MATERIAL PROVIDED below:
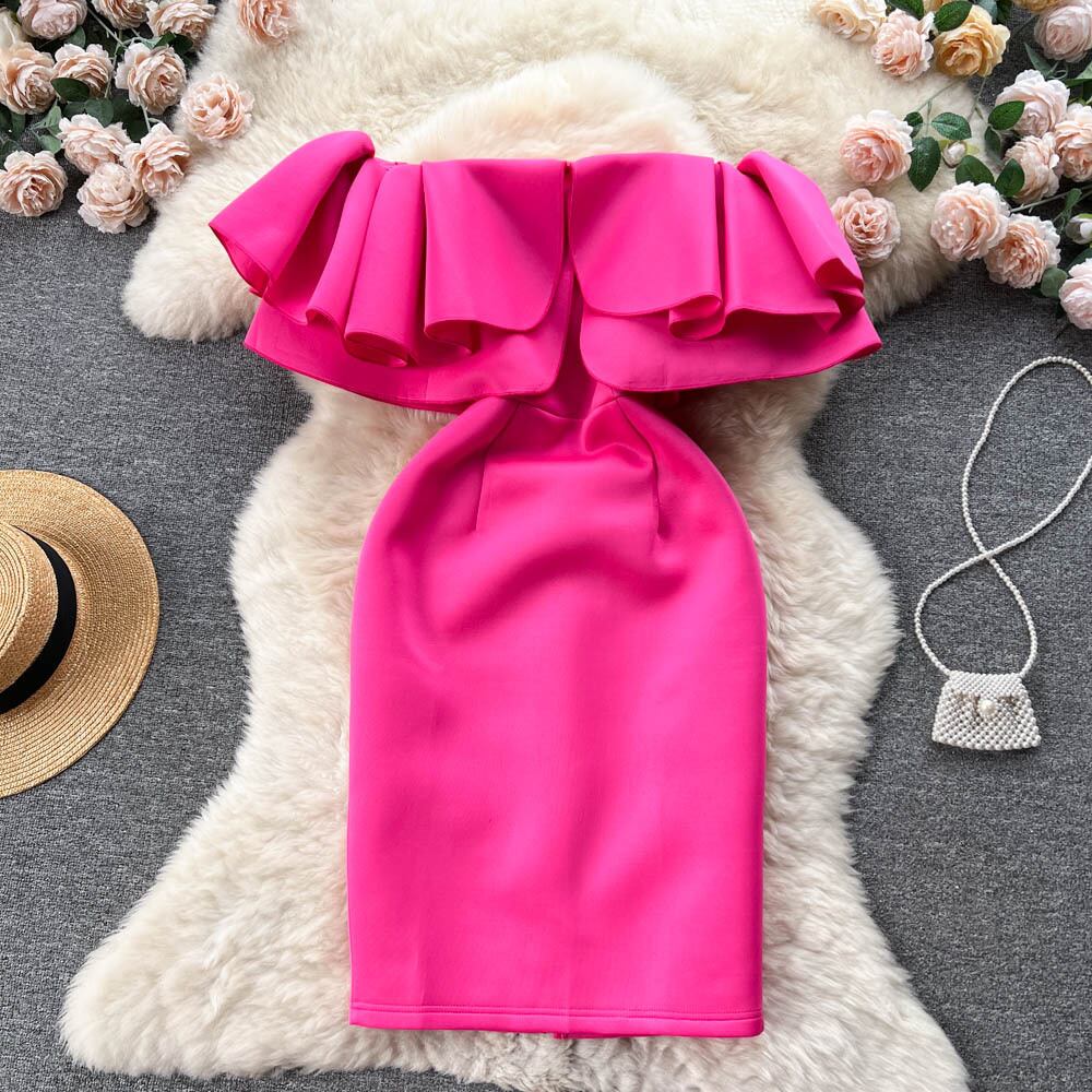 夏の新スタイルのストラップレスフリルラップ胸ドレス女性セレブ気質小さな香りのイブニングドレスバッグヒップスカート ラッフル サマー 夏物 lyxaj93028967063
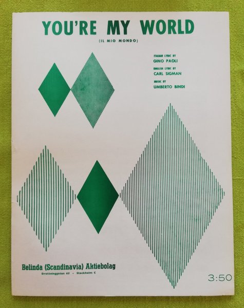 You´re my world / Il mio Mondo. Belinda 1964. Lösnot för sång / piano, engelsk och italiensk text.
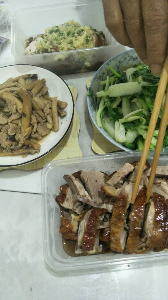 晚餐:烧鸭,酱油鸡,菜心,茶树菇炒猪肉
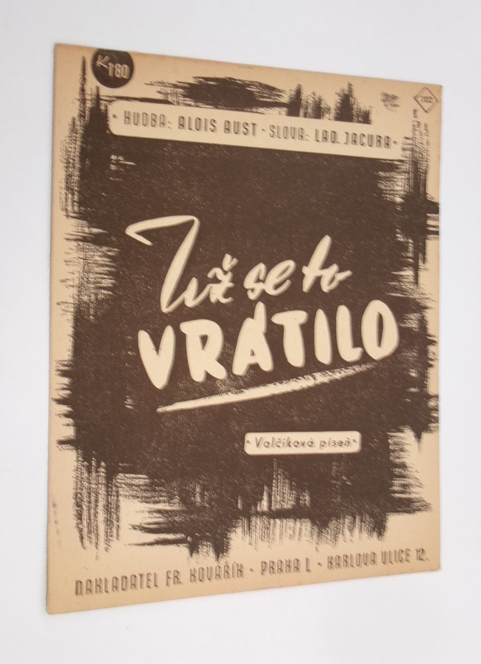Malý formát noty, text. Píseň a slova rozměr 16,5 x 13,5 cm. Valčík
End of MATERIAL PROVIDED.
- [TASK TO CARRY OUT] Output only these lines, word for word: the line containing "晚餐:烧鸭,酱油鸡,菜心,茶树菇炒猪肉" and every line after it through the last line of the data. Omit the pictures.

- [RESPONSE BOX]
 晚餐:烧鸭,酱油鸡,菜心,茶树菇炒猪肉
Malý formát noty, text. Píseň a slova rozměr 16,5 x 13,5 cm. Valčík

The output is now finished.